Sigma clipping is painfully slow #624

mwcraig · 2018-06-04T04:13:03Z

I don't know what the underlying performance issue is, but wow it is slow (clipping a stack of 25 4k x 4k images takes minutes).

mwcraig · 2018-06-04T04:24:48Z

About 4.5 minutes, but it feels longer..

MSeifert04 · 2018-06-04T06:22:40Z

I also noticed that it's very slow. Thanks for bringing this up (I always forgot).

Could you provide a random-dataset for profiling? I could be interesting depending on the data-types and the strides of the dataset (the actual data is probably not important except it contains lots of unusual values like NaNs and so forth.

Also because we're re-using astropys sigma-clipping it would be handy to know what astropy version you were using.

One additional thing that could be a problem is RAM. Depending on the RAM and size of the arrays there may be lots of swapping going on.

Sorry for asking so much information from you but without having the specifics it's probably hard to profile it (correctly).

bsipocz · 2018-06-04T12:01:06Z

This really brings up the issue that we need to add more benchmarks to astropy-benchmarks, currently there is nothing for the stats package. While the 4.5mins long test is not feasible, if it's not a local RAM issue I suspect it can be scaled back to be useful but still slow?
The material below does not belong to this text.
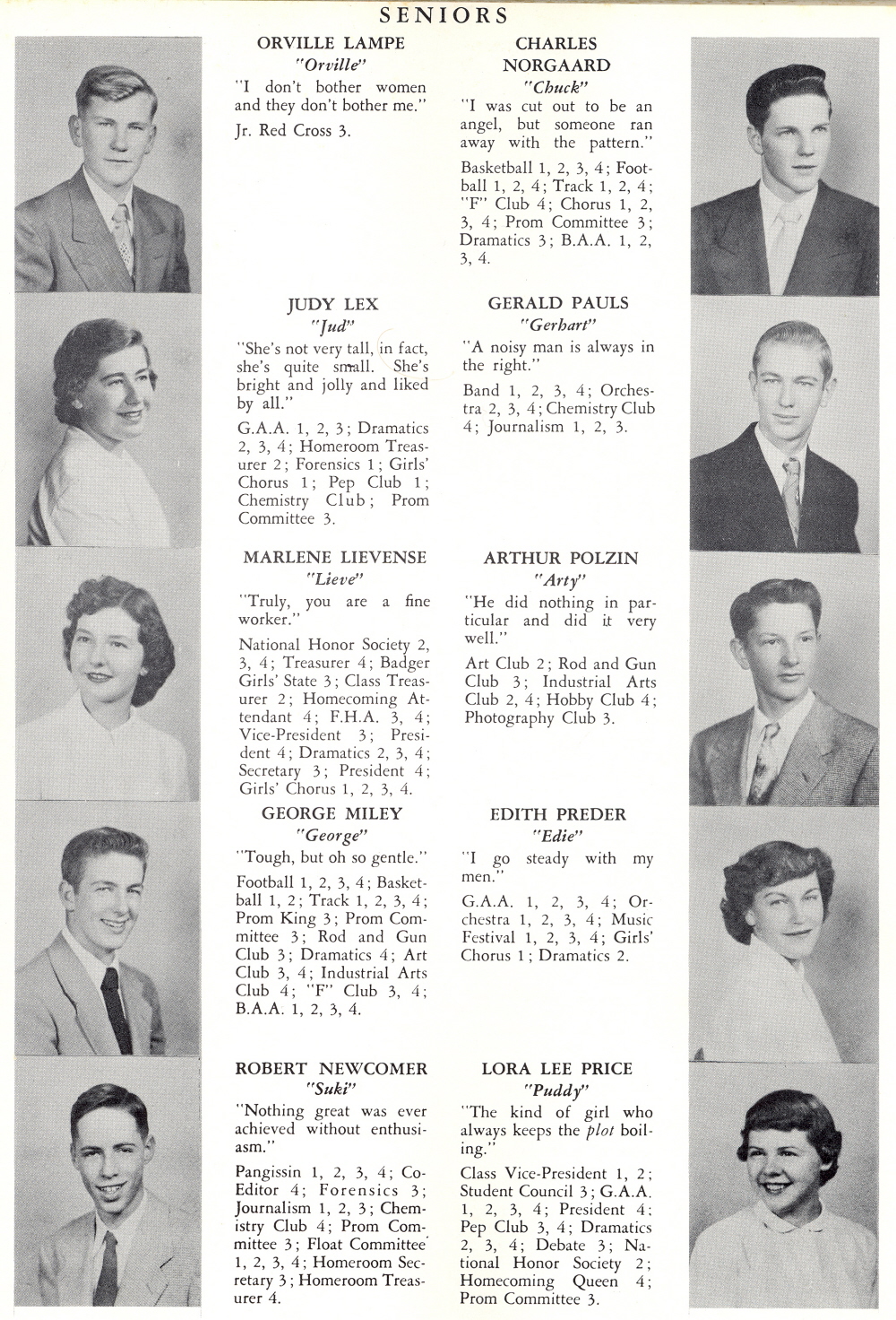 1952 Sheboygan Falls High School, Page 19: Orville Lampe, Charles Norgaard, Judy Lex, Gerald Pauls, Marlene Lievense, Arthur Polzin, George Miley, Edith Preder, Robert Newcomer, Lora Lee Price.

mwcraig · 2018-06-04T14:45:33Z

Sure; I can also provide the data set I was working with if you want. It is just a bunch of dark frames. It is conceivable the bottle neck is in the combining, not the clipping, I suppose.
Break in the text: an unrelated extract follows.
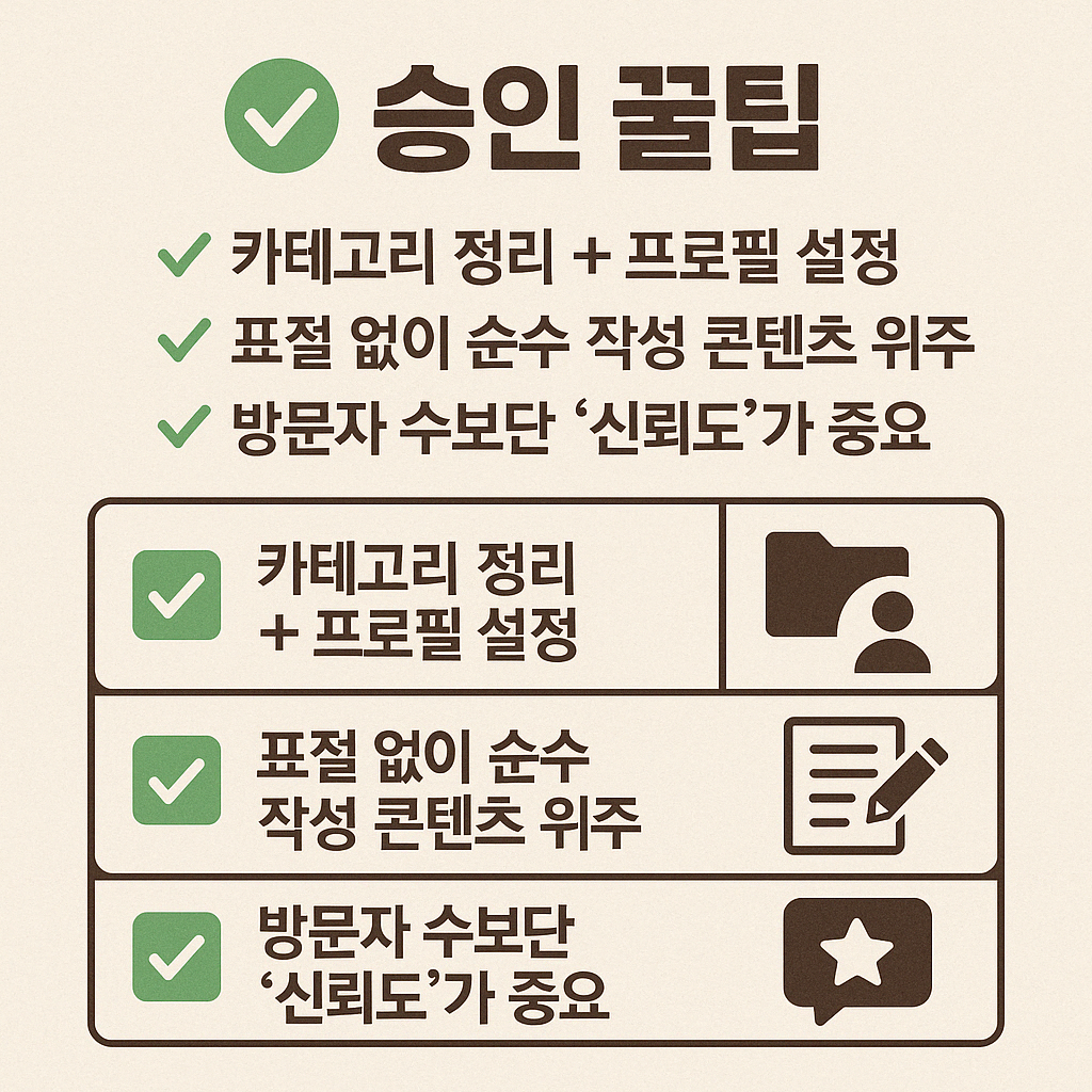 💡 최근에는 AI로 자동 심사되기 때문에 초기 블로그도 정갈하게 운영하면 승인 확률 높아져요!

SaOgaz · 2018-06-04T15:31:27Z

Probably related, @larrybradley is working on speeding up the astropy one: astropy/astropy#7478

mwcraig · 2018-06-04T15:41:09Z

Very related, thanks for mentioning that, @SaOgaz. And, of course, thanks to @larrybradley for working on it!

mwcraig · 2018-06-10T18:56:11Z

I haven't had a time to do much profiling, but here is an example of a set of calls that takes several minutes to run (for the combine part). Adding in some outlying pixels seems to help drive up the run time ( about 30 secs faster without that).

There are a number of things here that can lead to a speedup, I think. Even without sigma clipping, it takes close to a minute to combine the images.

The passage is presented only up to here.